HONG KONG–(BUSINESS WIRE)–#insurance—AM Best has assigned a Financial Strength Rating of A- (Excellent), a Long-Term Issuer Credit Rating of “a-” (Excellent) and the Indonesia National Scale Rating (NSR) of aaa.ID (Exceptional) to PT Lippo General Insurance Tbk (LGI) (Indonesia). The outlook assigned to these Credit Ratings (ratings) is stable.
The ratings reflect LGI’s balance sheet strength, which AM Best assesses as strong, as well as its adequate operating performance, neutral business profile and appropriate enterprise risk management. The ratings also reflect the support that the company receives from its ultimate parent, Hanwha Life Insurance Co., Ltd. (Hanwha Life).

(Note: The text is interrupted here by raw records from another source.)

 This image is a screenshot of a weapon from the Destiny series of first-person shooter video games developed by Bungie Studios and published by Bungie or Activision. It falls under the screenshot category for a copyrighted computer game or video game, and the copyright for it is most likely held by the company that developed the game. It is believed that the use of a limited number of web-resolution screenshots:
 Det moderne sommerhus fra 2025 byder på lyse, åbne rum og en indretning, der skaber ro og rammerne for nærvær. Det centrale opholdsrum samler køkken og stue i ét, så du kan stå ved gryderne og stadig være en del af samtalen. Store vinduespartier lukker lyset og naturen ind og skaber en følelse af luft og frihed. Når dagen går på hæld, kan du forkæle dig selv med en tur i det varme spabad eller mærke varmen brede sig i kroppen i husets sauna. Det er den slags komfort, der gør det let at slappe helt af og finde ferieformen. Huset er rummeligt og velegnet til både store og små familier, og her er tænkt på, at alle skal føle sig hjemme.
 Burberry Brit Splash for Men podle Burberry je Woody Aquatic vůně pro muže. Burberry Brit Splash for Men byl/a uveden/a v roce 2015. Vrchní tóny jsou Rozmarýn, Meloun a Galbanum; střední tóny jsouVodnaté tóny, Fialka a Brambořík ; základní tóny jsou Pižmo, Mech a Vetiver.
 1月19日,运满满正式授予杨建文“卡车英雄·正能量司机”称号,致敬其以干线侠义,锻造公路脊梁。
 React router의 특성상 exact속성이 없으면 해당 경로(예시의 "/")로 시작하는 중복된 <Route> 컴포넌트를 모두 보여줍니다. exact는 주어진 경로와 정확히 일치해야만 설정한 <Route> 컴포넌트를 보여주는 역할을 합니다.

LGI’s risk-adjusted capitalisation, as measured by Best’s Capital Adequacy Ratio (BCAR), is assessed at very strong level, and is expected to remain supportive of the current balance sheet strength assessment over the medium term backed by internal capital generation. LGI has a moderate capital base but relatively high underwriting leverage due to its focus on the low-volatility health and short-term credit insurance lines, which require less capital to support. The company’s balance sheet is exposed to significant credit risk arising from sizeable cessions to domestic (re)insurers with weaker credit quality, in compliance with local regulations. However, AM Best notes a moderate allocation to global reinsurers with strong credit quality in LGI’s excess of loss programme, which can partially mitigate the potential elevation of credit risk in the event of high-severity losses. AM Best views the company’s investment strategy as moderately conservative with sufficient liquidity, and it is expected to be largely stable with a majority of assets placed in bonds and time deposits.

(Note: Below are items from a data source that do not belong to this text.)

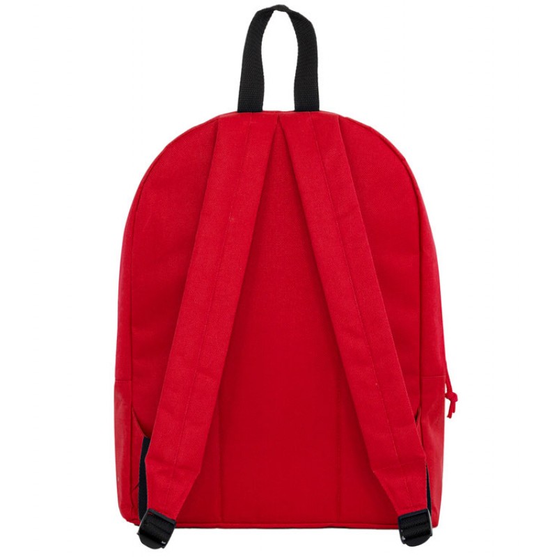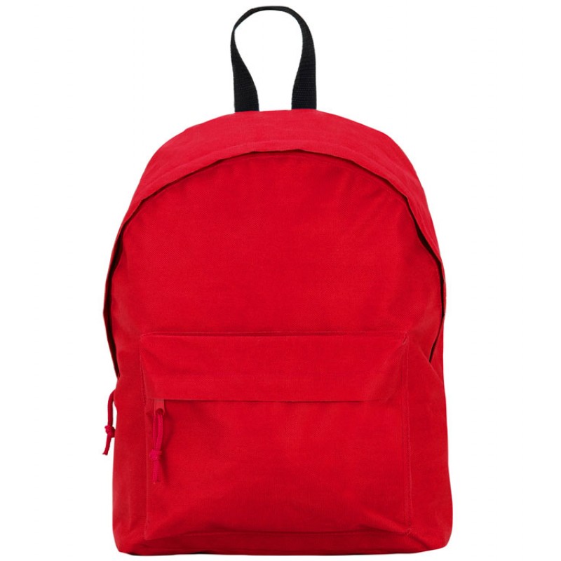 Базовый рюкзак из прочной ткани. Двойной плечевой ремень и контрастная ручка. Два кармана: основной и один спереди с молниями, клапанами и бегунками в тон
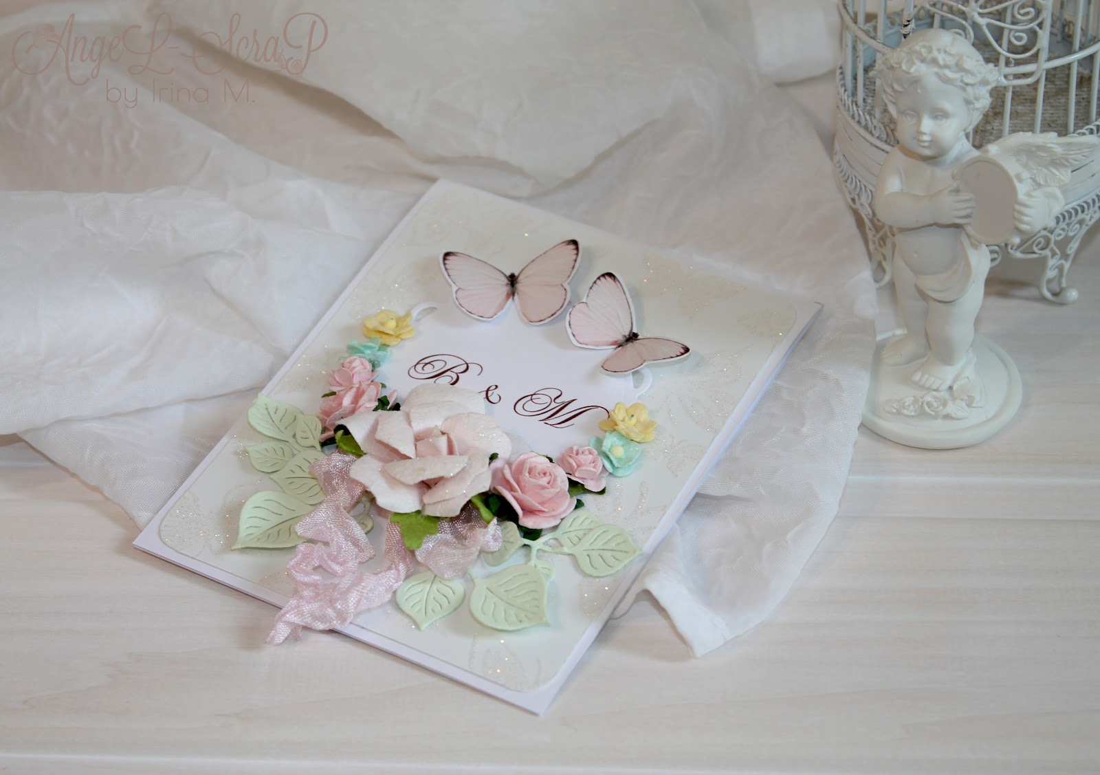 Сегодня хочу показать свадебный комплектик. Открытка в коробочке с окошком.
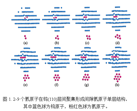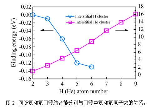 体心立方钨具有高熔点,良好的抗中子辐照和抗溅射腐蚀等优点,被选为国际热核聚变实验堆(ITER)的面向等离子材料。来自芯部等离子体(D-T聚变反应)中的氢同位素和氦离子在材料中的行为往往导致面向等离子体材料的失效。科研人员使用密度泛函理论方法研究了金属钨中氢和氦气泡的成核和生长机制,发现氢原子很难在钨的间隙位置聚集,而氦原子倾向于在钨(110)层间聚集形成密堆积的单层结构(见图1)。结合能计算进一步证明了单层结构形成的可能性(见图2)。氦单层可能为实验上观察到的扁平状氦气泡的初始构型。由于局域应力的存在,当氦原子数超过5时,氦单层的近邻可能发射自间隙原子而形成弗兰克尔缺陷对。

LGI’s operating performance is assessed as adequate, with a five-year (2020-2024) return-on-equity ratio of 8.0% and a combined ratio of 98.3%, as calculated by AM Best. LGI’s underwriting performance has demonstrated moderate volatility over the past five years, mainly due to the impact of the COVID-19 pandemic and medical cost inflation on its health insurance line’s profitability. The company has been actively mitigating these challenges through proactive measures to achieve rate adequacy in the health line and diversify its business portfolio. LGI’s expense ratio is relatively low compared to its domestic industry peers, helped by its business profile with limited high-expense motor insurance and a significant share of low-expense credit insurance. With an average investment yield of 4.0% over the past five years (2020-2024), investment profit is expected to remain an important contributor to LGI’s operating results.
LGI is a listed medium-size non-life insurer in Indonesia with a strong market presence in the health insurance segment. While LGI has a moderately diversified mix of underwriting portfolio, with health being its key business line, its growth has outperformed the domestic industry in recent years driven by the entry into credit insurance, coupled with the impact of rate increases in health insurance. In terms of distribution, the majority of the company’s business is facilitated through brokers, although the channel mix has become more diversified with the recent expansion of its credit insurance line of business.

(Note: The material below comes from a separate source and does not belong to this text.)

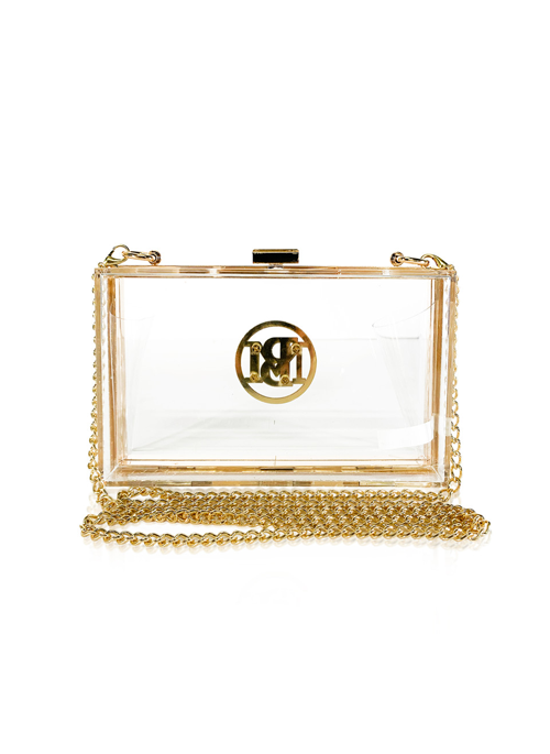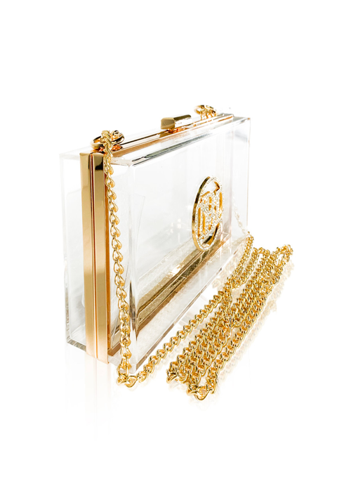 - Our crystal-adorned logo is the highlight of this piece, stunning against a clear backdrop. The gold chain and detailing ensure this fashion-forward statement look also adds an air of luxury and metallic beauty to your look.
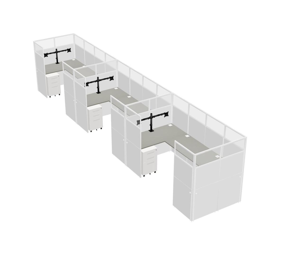 Grey Shadows U-shaped Panel System For 3 Person + Monitor Arm (double Arms) + Metal Mobile Drawers For 3 User(s)

LGI receives rating enhancement from its parent, considering the company’s strategic importance to Hanwha Life as part of its global strategy to establish a financial hub in Indonesia. AM Best expects that Hanwha Life will provide capital support to LGI in times of need. The company receives various implicit support from Hanwha Life and Hanwha General Insurance Company Limited (a subsidiary of Hanwha Life), including the implementation of digital strategy, product development, information technology and key management personnel. Additionally, AM Best views LGI’s integration into Hanwha Life group as being well underway, including the planned change of its brand name to Hanwha within the next few years.
Negative rating actions could arise if LGI’s risk-adjusted capitalisation significantly deteriorates, such as from heightened credit risk following major loss events or from excessive business expansion that materially outpaces the capital growth. Negative rating actions also may arise if expected support from Hanwha Life does not materialise to an extent that it no longer supports the current level of rating enhancement. Positive rating actions could arise if there is a sustained improvement in LGI’s operating performance that positively distinguishes it from its industry peers.
Ratings are communicated to rated entities prior to publication. Unless stated otherwise, the ratings were not amended subsequent to that communication.